** Opening Material supplied block **
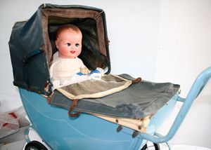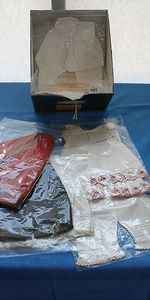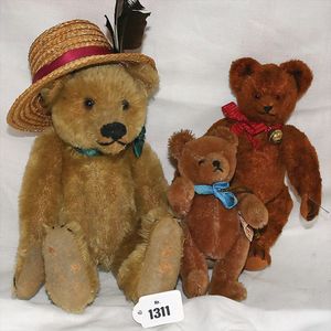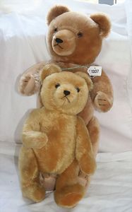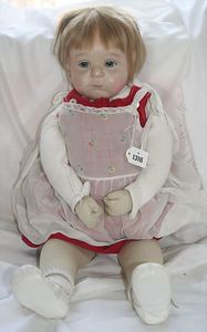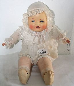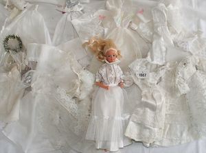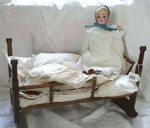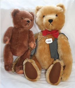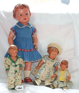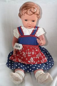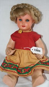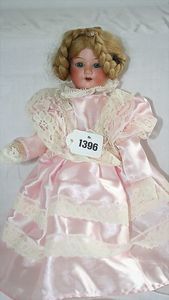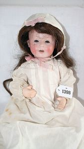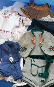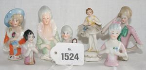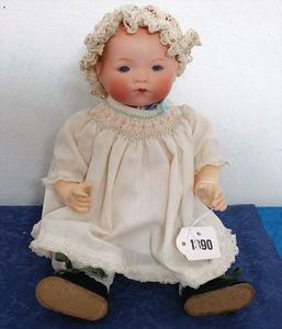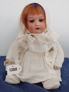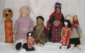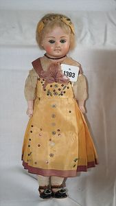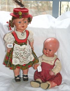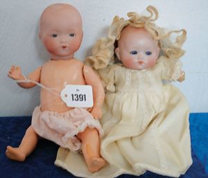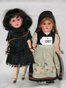2 kl. Porzellankopf-Puppen, 1x gemarkt Armand Marseille 390, blaue fest eingesetzte Glasaugen, off. Mund, Zähne, Kunsthaarperücke, Masse-Stehkörper, mit anmodellierten Schuhen, 23 cm, 1x Heubach Köppelsdorf, gemarkt 407, blaue Schlafaugen, off. Mund, Zähne, etwas Farbabrieb an der Kopfkrone, Masse-Stehkörper, anmodellierte Schuhe und Strümpfe, 21 cm, in Tracht
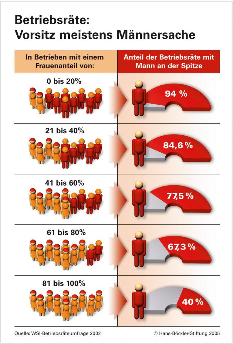 Schub durch Quote. Fast 70 Prozent der Betriebe haben jetzt einen Betriebsrat, in dem Frauen und Männer gemäß ihren Anteilen in der Belegschaft vertreten sind. In 44 Prozent der Betriebe gibt es mehr, in 10 Prozent weniger Frauen als vor der Quote.
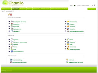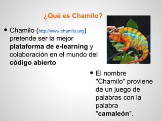 Este documento presenta Chamilo, un sistema de gestión de aprendizaje abierto (LMS) escrito en PHP y compatible con múltiples sistemas operativos y bases de datos. Chamilo es gratuito, fácil de usar e instalar, y ofrece características como foros, wikis, exámenes, certificados y seguimiento de cursos. Actualmente cuenta con más de 900 instalaciones, 65.000 cursos y 534.000 usuarios en 45 idiomas. El documento concluye proporcionando enlaces para descargar, documentación e inst
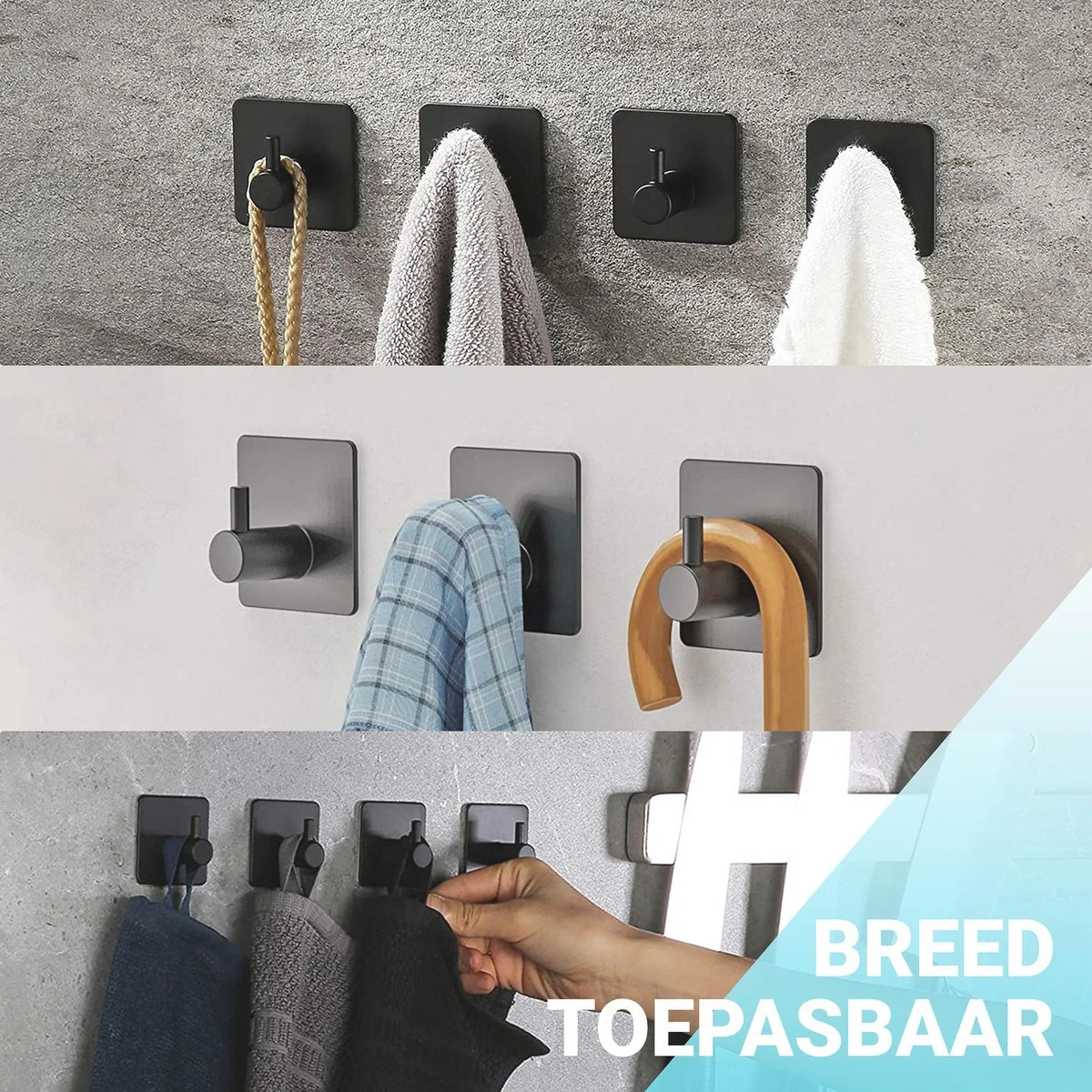 De handdoekhaakjes zijn zeer eenvoudig te plaatsen, het enige wat je hoeft te doen is de zelfklevende achterzijde van de handdoekhaak tegen een schoon en vlak oppervlak te drukken en enkele seconden vast te houden. De handdoekhaakjes zullen stevig en veilig op hun plaats blijven zitten. Doordat je geen gaten hoeft te boren, blijft je muur volledig intact.
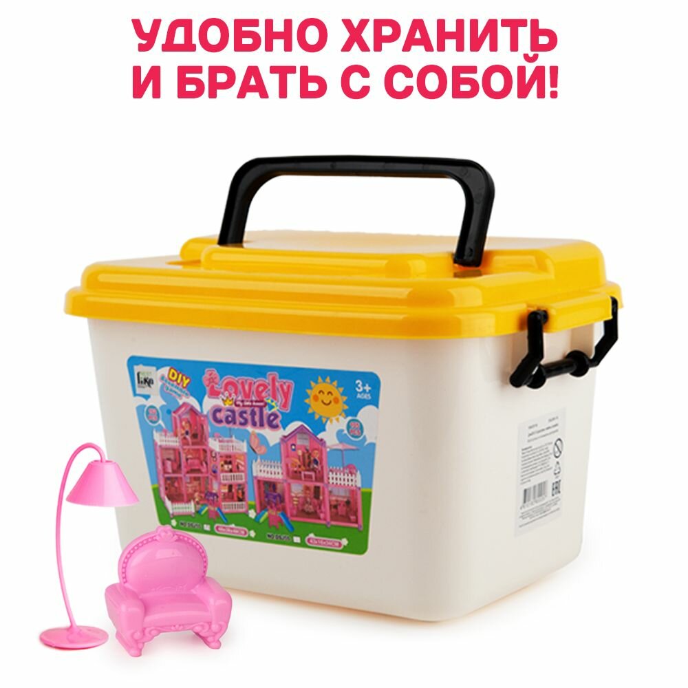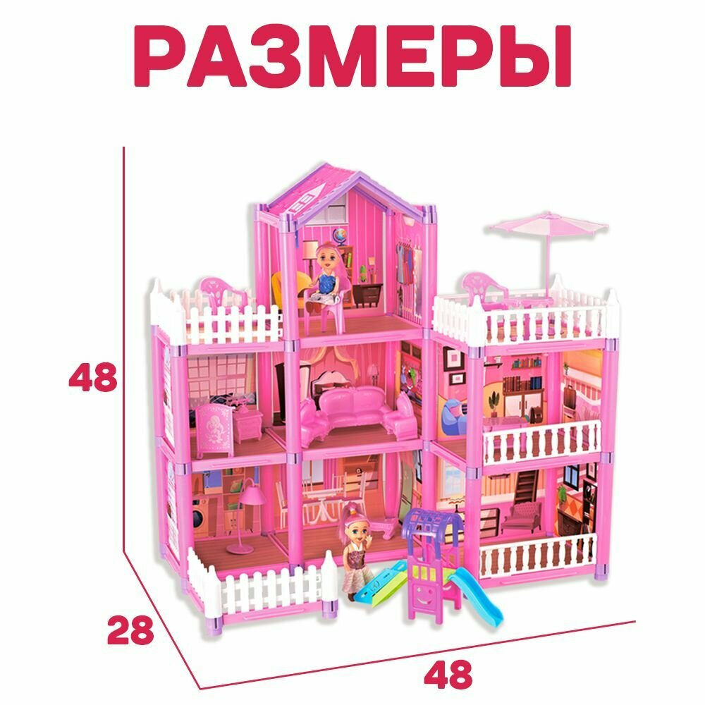 | Подробная комплектация | кукольный дом, кукла 2шт, стол 3шт, стул 3шт, горка маленькая, диван, кресло 2шт, тумба, зонтик, лампа напольная, баннер |
** Closing Material supplied block **
Task statement: Your copy should match the records above word for word, but without images.

Written solution:
2 kl. Porzellankopf-Puppen, 1x gemarkt Armand Marseille 390, blaue fest eingesetzte Glasaugen, off. Mund, Zähne, Kunsthaarperücke, Masse-Stehkörper, mit anmodellierten Schuhen, 23 cm, 1x Heubach Köppelsdorf, gemarkt 407, blaue Schlafaugen, off. Mund, Zähne, etwas Farbabrieb an der Kopfkrone, Masse-Stehkörper, anmodellierte Schuhe und Strümpfe, 21 cm, in Tracht
 Schub durch Quote. Fast 70 Prozent der Betriebe haben jetzt einen Betriebsrat, in dem Frauen und Männer gemäß ihren Anteilen in der Belegschaft vertreten sind. In 44 Prozent der Betriebe gibt es mehr, in 10 Prozent weniger Frauen als vor der Quote.
 Este documento presenta Chamilo, un sistema de gestión de aprendizaje abierto (LMS) escrito en PHP y compatible con múltiples sistemas operativos y bases de datos. Chamilo es gratuito, fácil de usar e instalar, y ofrece características como foros, wikis, exámenes, certificados y seguimiento de cursos. Actualmente cuenta con más de 900 instalaciones, 65.000 cursos y 534.000 usuarios en 45 idiomas. El documento concluye proporcionando enlaces para descargar, documentación e inst
 De handdoekhaakjes zijn zeer eenvoudig te plaatsen, het enige wat je hoeft te doen is de zelfklevende achterzijde van de handdoekhaak tegen een schoon en vlak oppervlak te drukken en enkele seconden vast te houden. De handdoekhaakjes zullen stevig en veilig op hun plaats blijven zitten. Doordat je geen gaten hoeft te boren, blijft je muur volledig intact.
 | Подробная комплектация | кукольный дом, кукла 2шт, стол 3шт, стул 3шт, горка маленькая, диван, кресло 2шт, тумба, зонтик, лампа напольная, баннер |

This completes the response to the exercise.